アナーキズムは国家と社会を二元化し、国家を否定する。個人の自由を神聖なものとし、これを基盤にした社会の構築をはかる。社会主義は国家と社会の和解を可能だとする一方、アナーキズムは国家を否定する。著者によればアナーキズムは自由主義と社会主義の中間にあるという。
アナーキズムにはフランスの合理主義とドイツ観念論、そしてキリスト教の影響がみられる。アナーキズムの言説にはキリスト教的な要素が多くふくまれている。プルードンは正義というかたちでの絶対者を称賛する。
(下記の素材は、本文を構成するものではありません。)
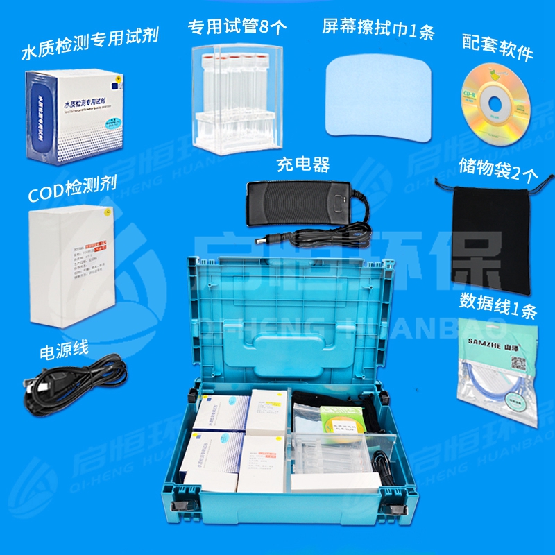3、便携手提箱式设计,仪器箱与配件箱层叠一体式,可在户外直接进行水质测定操作,也方便用于实验室操作;
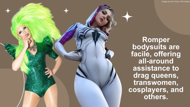 Romper bodysuits are facile, offering all-around assistance to drag queens, transwomen, cosplayers, and others.
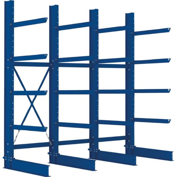 Kragarmregal META REGALBAU, H 3 Felder B3090xT1000xH3000 mm einseitig RAL 5010 5 Ebenen Traglast 2020kg
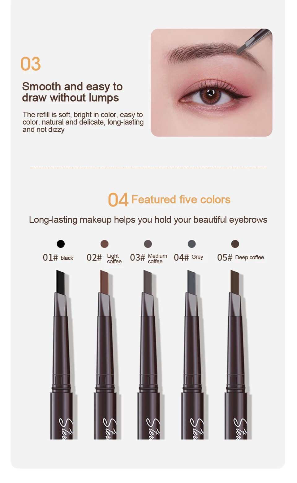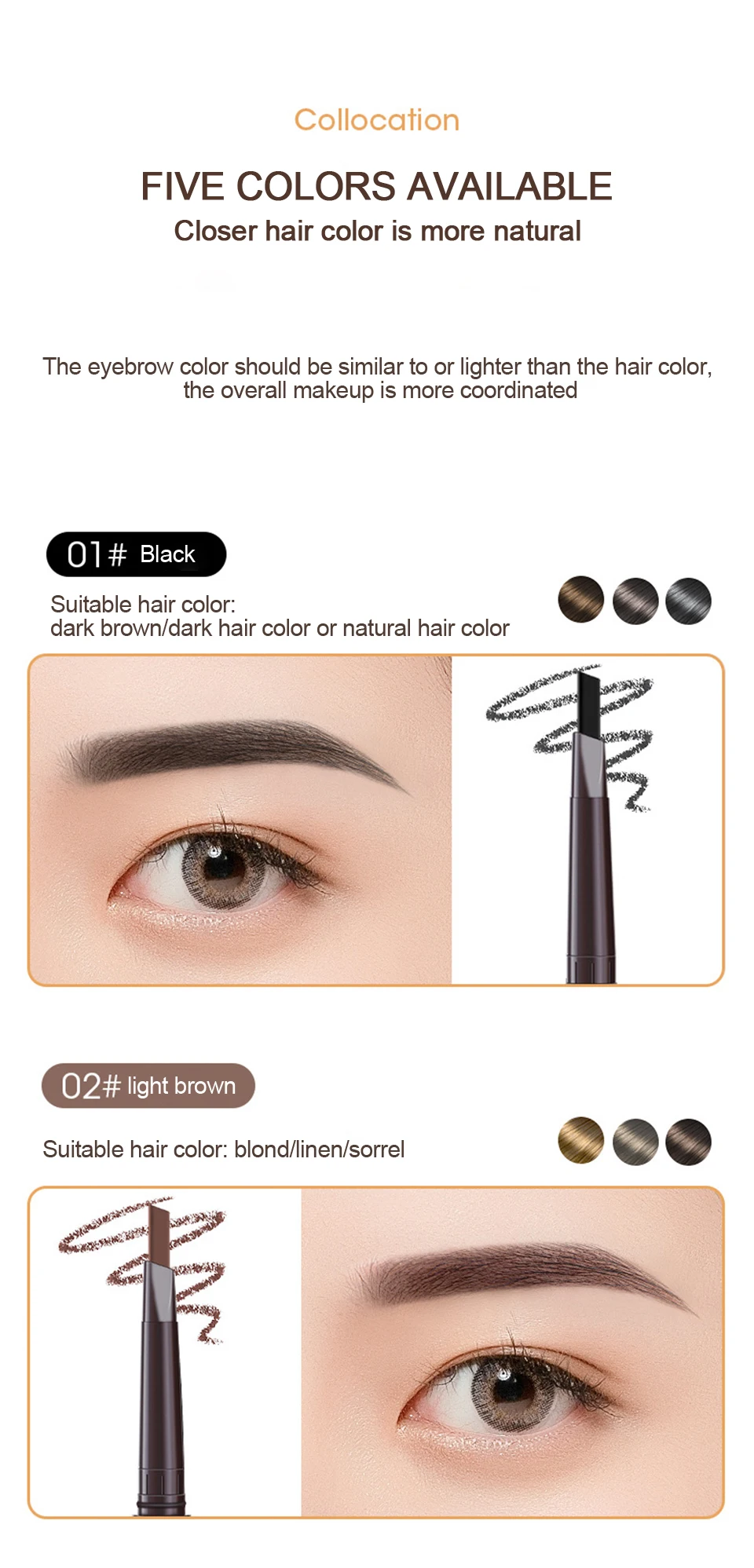 1. Автоматически поворачивает заправку, свободно растягивается, прочный и долговечный. 2. Он гладкий и легко окрашивается без агломерации, легко наносится макияж. 3. Маленький треугольный наконечник ручки с тонкими штрихами, которые могут рисовать красивые брови. 4. Доступно в 5 цветах, ближе к цвету волос более естественным.Упаковочный лист:

アナーキズムは社会契約説を虚構として否定する。個人の自発的な契約に基づいた、下層から組み立てられた社会を空想する。個人の自由、精神的自由は絶対である。
テロリズムは、無知蒙昧な群衆を目覚めさせるためにおこなわれる。アナキストは19世紀後半、国家の要人を多数殺害した。
プルードン、バクーニンら代表的な思想家、またアナーキズムとテロリズム運動のむすびつき、『革命家の教理問答』をかき、テロを煽動したネチャーエフについて、またアナーキズムに由来する実際の政治運動について説明されている。
ネチャーエフ以外さしたる興味をひかれなかった。